# PROMPT:
Copy each line of the records exactly, stopping only after the line that contains "Figura 2. Santo" has been written, and leave pictures out.

# EXTRACTED ENTRIES:
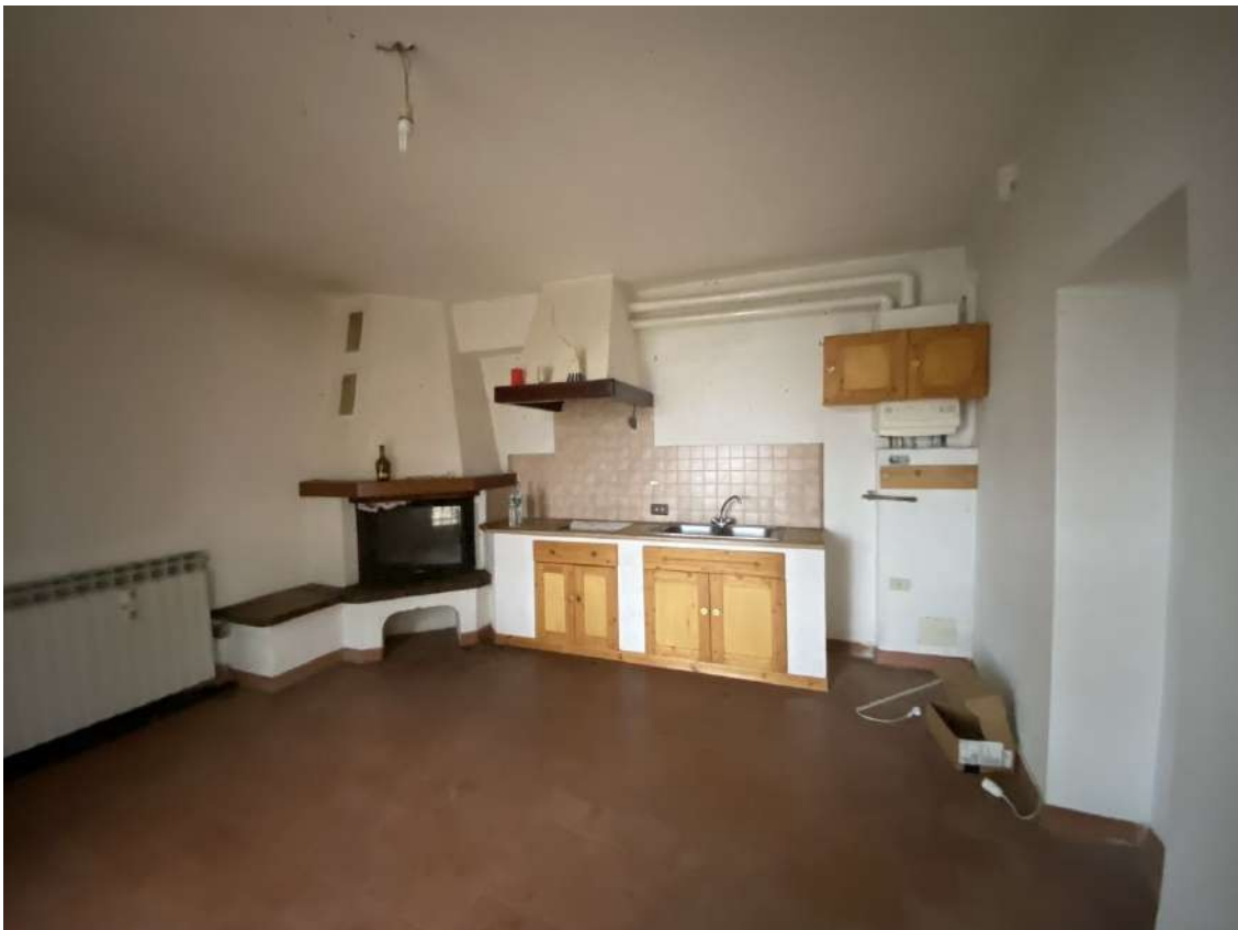
Altra vista nel soggiorno con angolo cottura dell'unità immobiliare al piano terra
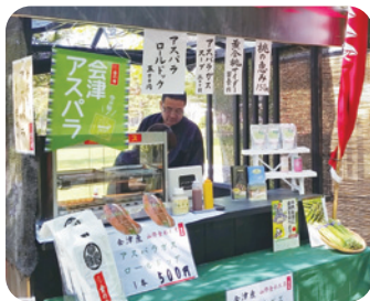
地元イベントに出店

「会津食の陣」などのイベントや6次化で地域を活性化させていきたいです。また、レシピ集の作成や料理セミナーを開催して、地元食材を活用する技を多くの人に知ってもらうことで、古くから伝わる食文化をしっかりと受け継いで次の世代に伝えていくことが大事です。誰が調理してもいい味が出せるようにしたいですね。
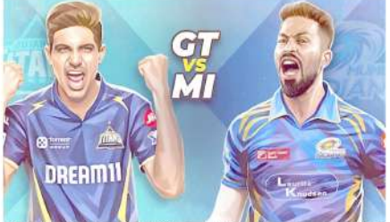
खेल पाएंगे। ऐसे में टीम की मुश्किलें बढ़ गयी हैं। टीम के पास सुर्यकुमार याद जैसे बल्लेबाज और जसप्रीत बुमराह जैसे गेंदबाज हैं पर इसके बाद भी उसका अलग तब का प्रदर्शन बेहतर खराब रहा है। अपने पिछले पांच मैचों में से चार हारी है। वह

अहमदाबाद। गुजरात टाइटन्स की टीम सोमवार को यहाँ अपने जूट मैदान पर मुंबई इंडियन्स के खिलाफ जीत के इरादे से उतरेगी। शुभमन गिल की कप्तानी में उतर रही गुजरात ने दूरकालीन इतिहास से वापसी करते हुए पिछले तीन मैचों में शानदार जीत हासिल की है। जिससे उसके हिसाबे बुलंद है। टीम के पास बल्लेबाजी में कप्तान शुभमन गिल के अलावा साई सुदर्न और जोस बटलर जैसे बल्लेबाज जबकि गेंदबाजी में प्रसिद्ध कुम्हार के अलावा राशिद खान जैसे गेंदबाज हैं। दूसरी ओर हादिक पांडेया की कप्तानी में मुंबई इंडियन्स को टीम का प्रदर्शन इस सत्र में अच्छा नहीं रहा है। उसे लगातार हार का सामना करना पड़ा है। जिससे टीम दबब में है और वह किसी भी हाल में इस मैच में जीत चाहेंगी। टीम की बल्लेबाजी में निरंतरता की कमी है जिसे उसे दूर करना होगा। अनुभवी बल्लेबाज रोहित शर्मा चोटिल होने के कारण ये मैच नहीं
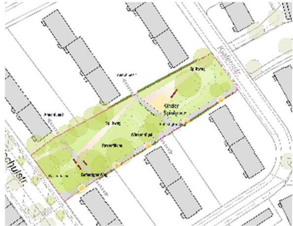
Abb. 01-02: Variante Aktivität und Begegnung (ST-FREIRAUM)
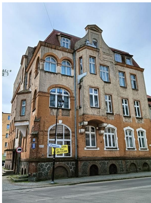
Kamienica, ul. Armii Krajowej 13, fot. 05.2024.
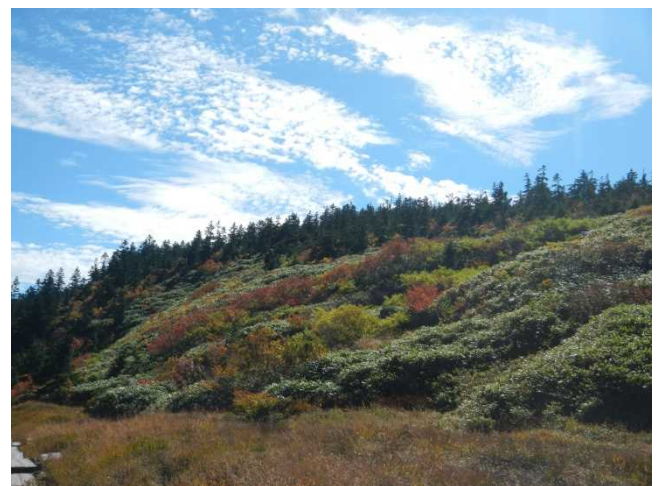
初秋を感じさせる鱗雲
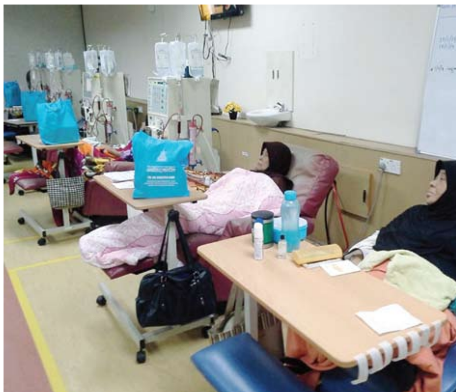
Pesakit buah pinggang sedang mendapatkan rawatan dialisis

"Kita bercadang untuk wujudkan PDR di kawasan lain kerana empat PDR sedia ada hanya berada di kawasan Lembah Klang," katanya.
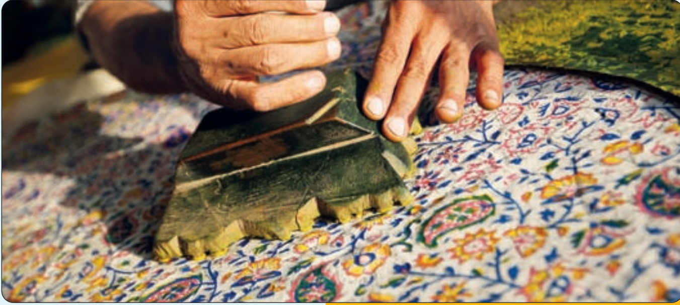
به مناسبت روز جهانی صنایع دستی
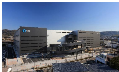
19 ロジスクエア大阪交野 2021年1月竣工
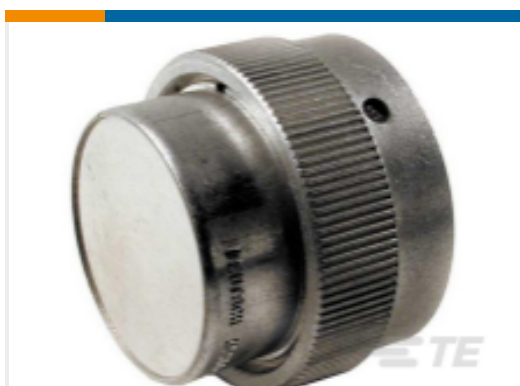
TE 产品编号HDC36-24-1E DUST CAP, 24SZ, REC, AL, NO LANYARD,HD30
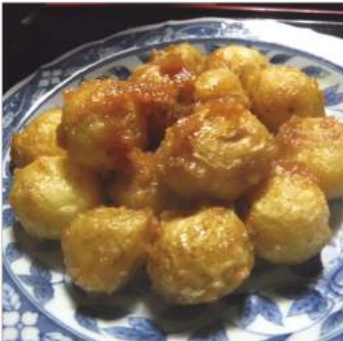
↑06.16新ジャガ小芋の皮つきをチン!!して素揚げ、甘味噌に転がして
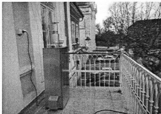
Слика 2. Мерно место Зграда Општинске управе Бела Црква
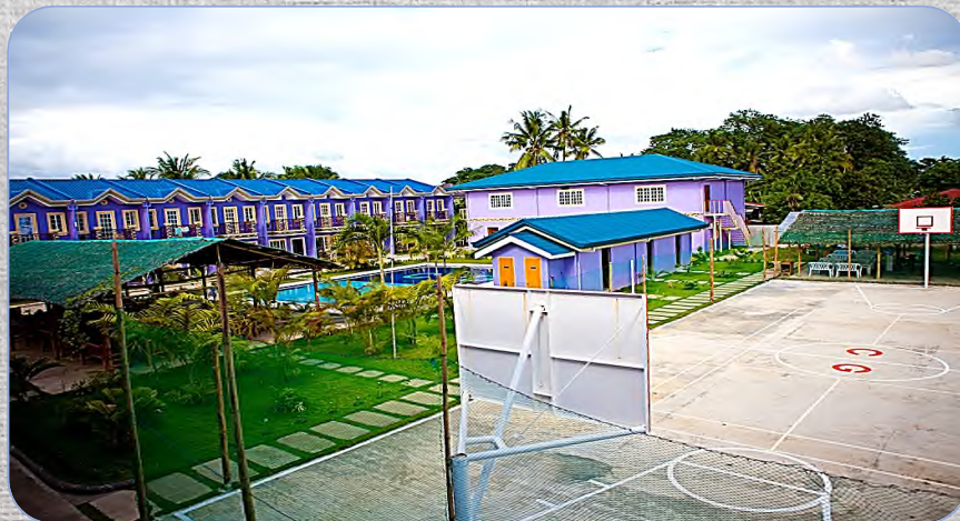
# Multipurpose Court
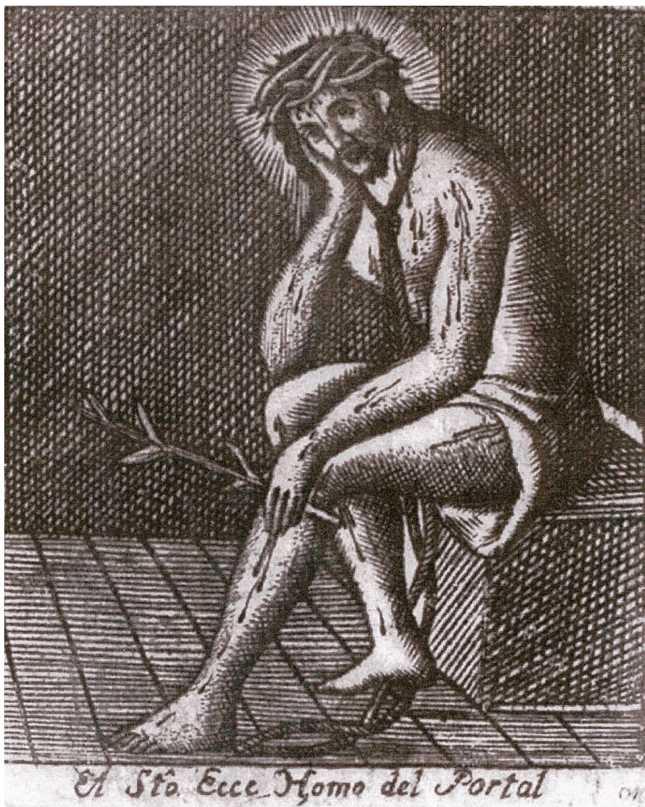
Figura 2. Santo Ecce Homo del Portal , grabado inserto en Gómez Durán, 1778.
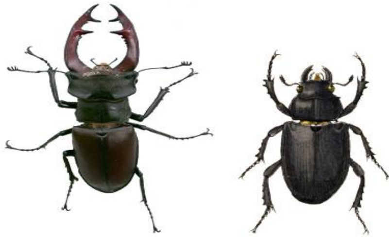
Foto 4.4. Rădașca ( Lucanus cervus ) exemplar mascul- stanga și exemplar femelă- dreapta

Regim alimentar: larva se hrănește cu lemn putred de Quercus , adulții nu se hrănesc. Se întâlnește în pădurile de cvercinee. Preferă arborii bătrâni cu trunchiul de cel puțin 25-30 cm diametru. Adulții sunt întâlniți pe trunchiurile și ramurile arborilor, uneori pe pământ sau în zbor.
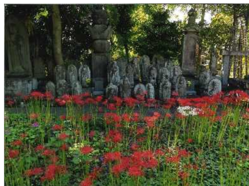
「静謐の彼岸花」 (撮影場所：宝蔵院)
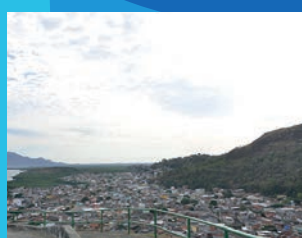
35. Reforma do corrimão do mirante de Santos Reis (Concluída)
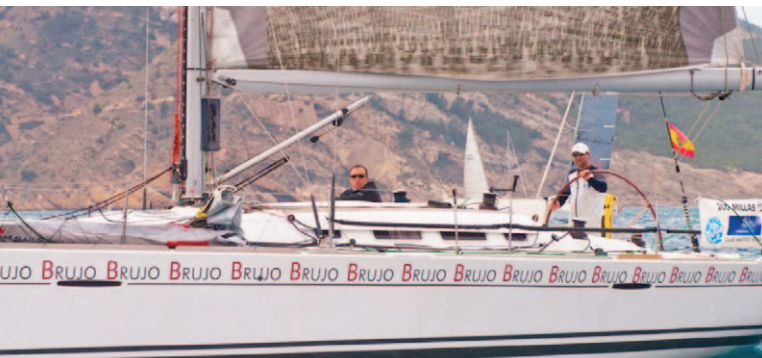
El Brujo, vencedor de las 200 Millas a2, 2014. La embarcación también ganó en 2005 y 1999.

Este año los ganadores se llevan un premio de peso. El primer clasificado recibirá dos lingotes de un kilo de plata, el segundo dos lingotes de medio kilo y el tercero dos lingotes de un cuarto de kilo de plata.
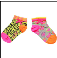
2er-Pack Kinder Sneaker Socken, Tarnmuster und Herzchen, Bio-Baumwolle, von LEBIG

# EXERCISE RESULT:
Altra vista nel soggiorno con angolo cottura dell'unità immobiliare al piano terra
地元イベントに出店

「会津食の陣」などのイベントや6次化で地域を活性化させていきたいです。また、レシピ集の作成や料理セミナーを開催して、地元食材を活用する技を多くの人に知ってもらうことで、古くから伝わる食文化をしっかりと受け継いで次の世代に伝えていくことが大事です。誰が調理してもいい味が出せるようにしたいですね。
खेल पाएंगे। ऐसे में टीम की मुश्किलें बढ़ गयी हैं। टीम के पास सुर्यकुमार याद जैसे बल्लेबाज और जसप्रीत बुमराह जैसे गेंदबाज हैं पर इसके बाद भी उसका अलग तब का प्रदर्शन बेहतर खराब रहा है। अपने पिछले पांच मैचों में से चार हारी है। वह

अहमदाबाद। गुजरात टाइटन्स की टीम सोमवार को यहाँ अपने जूट मैदान पर मुंबई इंडियन्स के खिलाफ जीत के इरादे से उतरेगी। शुभमन गिल की कप्तानी में उतर रही गुजरात ने दूरकालीन इतिहास से वापसी करते हुए पिछले तीन मैचों में शानदार जीत हासिल की है। जिससे उसके हिसाबे बुलंद है। टीम के पास बल्लेबाजी में कप्तान शुभमन गिल के अलावा साई सुदर्न और जोस बटलर जैसे बल्लेबाज जबकि गेंदबाजी में प्रसिद्ध कुम्हार के अलावा राशिद खान जैसे गेंदबाज हैं। दूसरी ओर हादिक पांडेया की कप्तानी में मुंबई इंडियन्स को टीम का प्रदर्शन इस सत्र में अच्छा नहीं रहा है। उसे लगातार हार का सामना करना पड़ा है। जिससे टीम दबब में है और वह किसी भी हाल में इस मैच में जीत चाहेंगी। टीम की बल्लेबाजी में निरंतरता की कमी है जिसे उसे दूर करना होगा। अनुभवी बल्लेबाज रोहित शर्मा चोटिल होने के कारण ये मैच नहीं
Abb. 01-02: Variante Aktivität und Begegnung (ST-FREIRAUM)
Kamienica, ul. Armii Krajowej 13, fot. 05.2024.
初秋を感じさせる鱗雲
Pesakit buah pinggang sedang mendapatkan rawatan dialisis

"Kita bercadang untuk wujudkan PDR di kawasan lain kerana empat PDR sedia ada hanya berada di kawasan Lembah Klang," katanya.
به مناسبت روز جهانی صنایع دستی
19 ロジスクエア大阪交野 2021年1月竣工
TE 产品编号HDC36-24-1E DUST CAP, 24SZ, REC, AL, NO LANYARD,HD30
↑06.16新ジャガ小芋の皮つきをチン!!して素揚げ、甘味噌に転がして
Слика 2. Мерно место Зграда Општинске управе Бела Црква
# Multipurpose Court
Figura 2. Santo Ecce Homo del Portal , grabado inserto en Gómez Durán, 1778.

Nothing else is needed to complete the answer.